At Third yesterday, we offered "Editorial: We're giving that guy the F-16?" because it doesn't make a lot of sense to share F-16 technology with a government who's already helping Iran get around legal sanctions. But when does the US government make a great deal of sense? Al Arabia and AFP report that the US Joint Chiefs of Staff Gen Martin "Dempsey acknowleged arch-foe Iran was trying to expand its influence in Iraq but said the Baghdad leadership wanted to build up relations with the American military."  Dempsey's headed to Iraq to smooth things over because apparently money is more important than safety and it's more important to the White House that the F-16 deal goes through possibly because, as Dar Addustour noted last week, Iraq is also seeking arms from the Russian government.
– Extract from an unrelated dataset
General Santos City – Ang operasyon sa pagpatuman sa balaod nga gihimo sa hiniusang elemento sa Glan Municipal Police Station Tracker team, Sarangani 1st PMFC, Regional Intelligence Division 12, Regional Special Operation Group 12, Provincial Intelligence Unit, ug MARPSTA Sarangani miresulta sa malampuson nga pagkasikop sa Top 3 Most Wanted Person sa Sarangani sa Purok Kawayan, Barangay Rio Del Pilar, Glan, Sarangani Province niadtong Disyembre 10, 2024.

Iraq is currently observing Eid al-Fitr.  All Iraq News reports that Moqtada al-Sadr's bloc is calling on politicians to use the religious holiday to work towards a true reconciliation which will benefit Iraqis and resolve the differences.  While Moqtada's group calls for reconciliation, the outlet notes that Islamic Supreme Council of Iraq's Ammar al-Hakim used the holiday to sepak of martyrs, blood and warn of coming risks.  He then voiced his support for President Jalal Talabani's renewed call for a national conference.  Kitabat notes that this holiday sees thousands of children forced to play in dumps (cities) or in yards and orchards next to dumps (small towns) and that children are at risk being next to the waste disposal.  All Iraq News notes that the largest percent of orphans in the Arab world are in Iraq where over five million exist as a result of the violence.
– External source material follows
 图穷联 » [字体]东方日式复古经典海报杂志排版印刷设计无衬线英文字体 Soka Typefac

Holiday or not, the violence continues.  Alsumaria notes a Diyala Province roadside bombing which left three soldiers injured.  The political crisis continues as well and All Iraq News reports that Iraqiya has stated the only person benefitting from the ongoing crisis is Nouri.  Alsumaria adds that Iraqiya continues their call for a government of national partnership (as opposed to what Nouri's offered).  And Iraqiya MP Yassin al-Mutlaq states that the biggest cause of problems in Iraq today is the inabilty to address the political crisisRaman Brosk (AKnews) reports, "The State of Law Coalition (SLC) led by Prime Minister Nouri al-Maliki has said that it is not responsible for naming the interior and defense ministers, adding that resolving the file needs sincere intentions from all of the political blocs."

Saturday Diyala Province Governor Hashim Hayali and his wife died in what's being called a car accident (Hayali most recently survived an assassination attempt April 21st).  All Iraq News notes that Iraqiya issued a statement noting the "tragic loss." 

On this week's Law and Disorder Radio,  an hour long program that airs Monday mornings at 9:00 a.m. EST on WBAI and around the country throughout the week, hosted by attorneys Heidi Boghosian, Michael S. Smith and Michael Ratner (Center for Constitutional Rights) topics addressed include Guantanamo, and Philip Weiss who discusses Palestine.  (We don't note George Soros, sorry, or those who receive his largess.)  Apparently the show's segments were taped either before Friday or before Julian Assange's Sunday press conference and they decided to wait to explore the topic.  They'll probably grab it at the top of the show next Monday -- which is NOT Labor Day.  On Labor Day, two Mondays from now, I will post entries late as a I do most holidays.  A snapshot will be dependent upon that day's events.  Other than Monday, we'll be on regular schedule here and Kat's going to be doing a series of album reviews here during the holiday weekend (see her site tonight). And sorry, I've corrected this. When it went up this morning, I thought Labor Day was this coming Monday -- it's two Mondays from now. My apologies.